Tap water is just as good for you as bottled water. 40% of bottled waters are just tap water with some added ingredients.If you must buy bottled water be sure to read the label.

Bottled water label items:

Artesian, ground, spring, well water: These may or may not be treated, spring is collected as it comes to the surface, the rest of these comes from wells except ground water which may be collected either way.

Distilled water: Steam from boiling water is recondensed then bottled. This kills microbes and removes minerals, but ruins the flavor of the water.

Mineral water: Ground water containing 250 ppm of dissolved solids.

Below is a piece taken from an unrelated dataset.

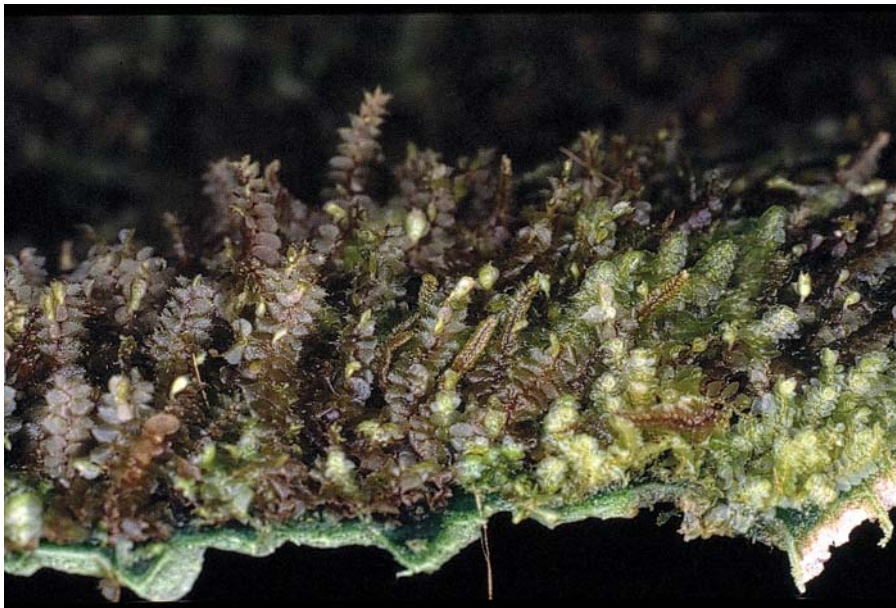
7. Epiphyllous liverworts growing on a leaf in the understory of the Chocó rainforest. The surface of the leaf is densely covered with liverworts as seen from aside. Whereas epiphyllous liverworts usually grow prostrate on the leaves, the liverworts in the Chocó region grow upright because of the high humidity.

Purified: Water that is free of chemicals, no more than 10 ppm of dissolved solids.

Sterile water: Free of all microbes.

Glacier water, mountain water: This has no meaning, these are just marketing terms.

Micron filtration: Water filtered through screens with small holes to filter out microbes and chemicals.

Ozonation: Water is distilled using ozone to kill microbes.

Reverse osmosis: Water is forced under pressure through membrane removing all microbes, minerals, and chemicals.

Ultraviolet light: Water is passed through uv light killing most microbes.